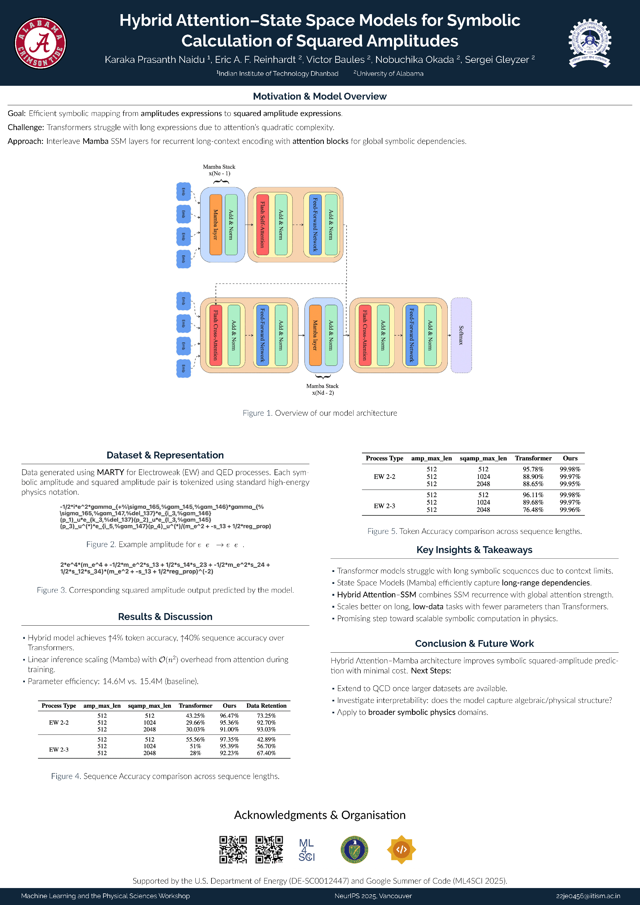 Calculating squared amplitudes is a key step in computing cross sections needed to compare experimental data with theoretical predictions. However, mapping amplitude expressions to their squared amplitude expressions is computationally expensive. Prior works have formulated this task as a sequence-to-sequence problem, demonstrating the effectiveness of Transformer-based encoder–decoder architectures. Despite these successes, such approaches have been limited to relatively short sequences and fail to scale effectively to longer inputs, primarily due to the limitations of attention mechanisms in handling extended context windows. State Space Models (SSMs), such as Mamba, offer a recurrent alternative that can achieve performance comparable to that of Transformers on some tasks. In this work, we investigate hybrid Attention and SSM architectures and show that they outperform Vanilla Transformers in a low-data, long-sequence task. The hybrid Attention-SSMs achieving up to a $\sim$4\% improvement in token accuracy and $\sim$40\% improvement in full sequence accuracy on the task of calculating squared amplitudes for electroweak physics processes.
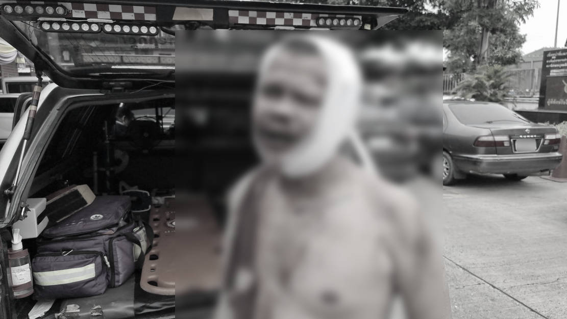 พ่อค้ากล้วยแขก วิ่งหนีตายขึ้นโรงพักแจ้งความ หลังถูกพวกหลานเมียรุมฟันหัว จ.นนทบุรี
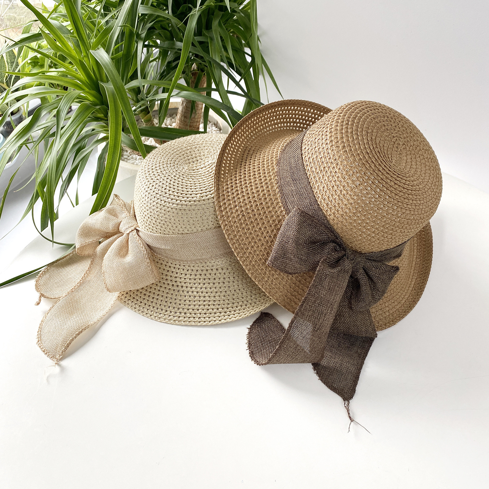 麦わら帽子の女性の夏のビーチ帽子の新型の日よけ帽子のフランスの顔を遮る日よけ帽子の2024年の日よけ帽子の海辺は写真を撮ります。
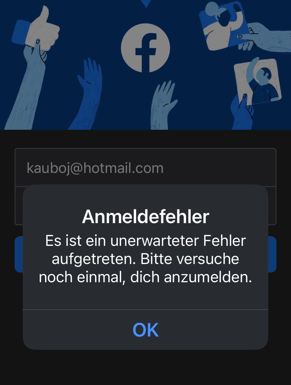 Hallo zusammen. Ich versuche seit paar Monaten immer mal wieder mich bei Facebook über mein Iphone 11 Pro über die Facebook App mich anzumelden... Leider kommt immer wieder der selbe Fehler: ( Siehe Bild )

----------

Only the lines from the one with "麦わら帽子の女性の夏のビーチ" through the last line above belong in the answer. Reproduce them exactly, without the pictures.

RESPONSE BOX:
 麦わら帽子の女性の夏のビーチ帽子の新型の日よけ帽子のフランスの顔を遮る日よけ帽子の2024年の日よけ帽子の海辺は写真を撮ります。
 Hallo zusammen. Ich versuche seit paar Monaten immer mal wieder mich bei Facebook über mein Iphone 11 Pro über die Facebook App mich anzumelden... Leider kommt immer wieder der selbe Fehler: ( Siehe Bild )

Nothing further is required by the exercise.